‘The Scandal of the Century’ Celebrates García Márquez the Journalist

The English translation of a posthumous collection of the Colombian Nobel Prize winner's journalism, penned between 1950 and 1984, is published this month.

Colombian author and 1982 Nobel Prize laureate Gabriel García Márquez (1927-2014) began his writing life as a reporter, and acknowledged that many of the ideas for his short stories and novels were gleaned from newspapers.

In addition to his fiction, which has come to epitomize the magical realism genre, García Márquez also turned his attention to current affairs, such as the abductions carried out by the cohorts of Colombian drug kingpin Pablo Escobar in the 1990s, and which he chronicled in his 1996 non-fiction book ‘News of a Kidnapping’.

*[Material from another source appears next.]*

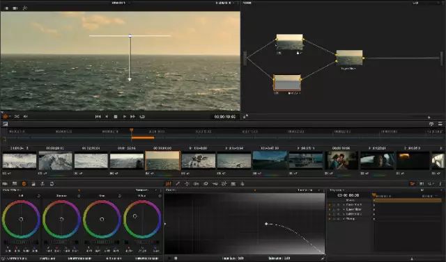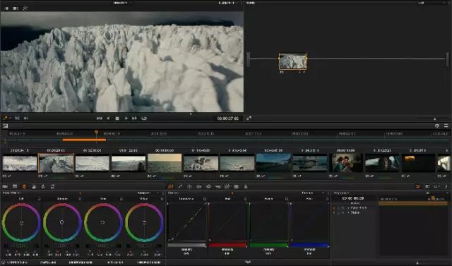 技巧貼士:在使用曲線工具調(diào)節(jié)暗部反差時,注意取消曲線鎖定,這樣只影響亮度,不會影響飽和度,這就是達(dá)芬奇YRGB色彩算法的工作原理。色彩解析:海嘯星球色彩與冰凍星球類似,但飽和度略高,調(diào)性稍暖。step2.分別調(diào)節(jié)高光陰影及中間調(diào)的色相。

The posthumous ‘The Scandal of the Century’, published in the US by Alfred A. Knopf, compiles a selection of his articles and essays published between 1950 and 1984, covering a broad range of themes, from Budapest after the Soviet invasion and prostitution in Paris to travel and translation, with many of the articles also focusing on his native country.

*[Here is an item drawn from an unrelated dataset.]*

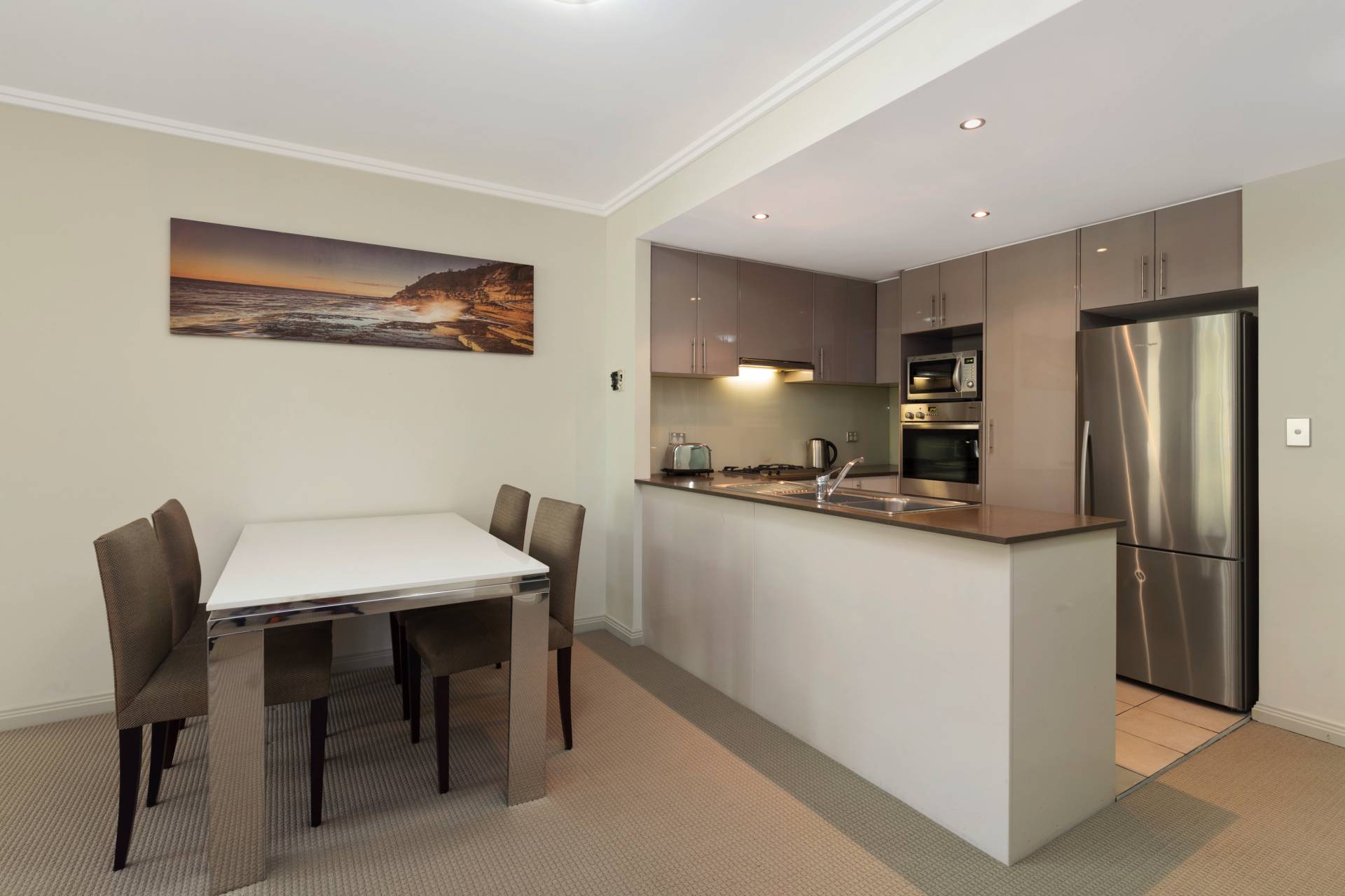 -Gourmet gas kitchen, stone benchtops, quality stainless Miele appliances and dishwasher

Featuring pieces that first appeared in newspapers such as Colombia’s El Espectador and Spain’s El País, the book stands as a testament to the author’s ‘day job’ as a jobbing journalist, a career that would later inspire him to co-found the Ibero-American New Journalism Foundation (FNPI) in 1995, and which fosters the work of journalists through scholarships, awards and collaborative research projects.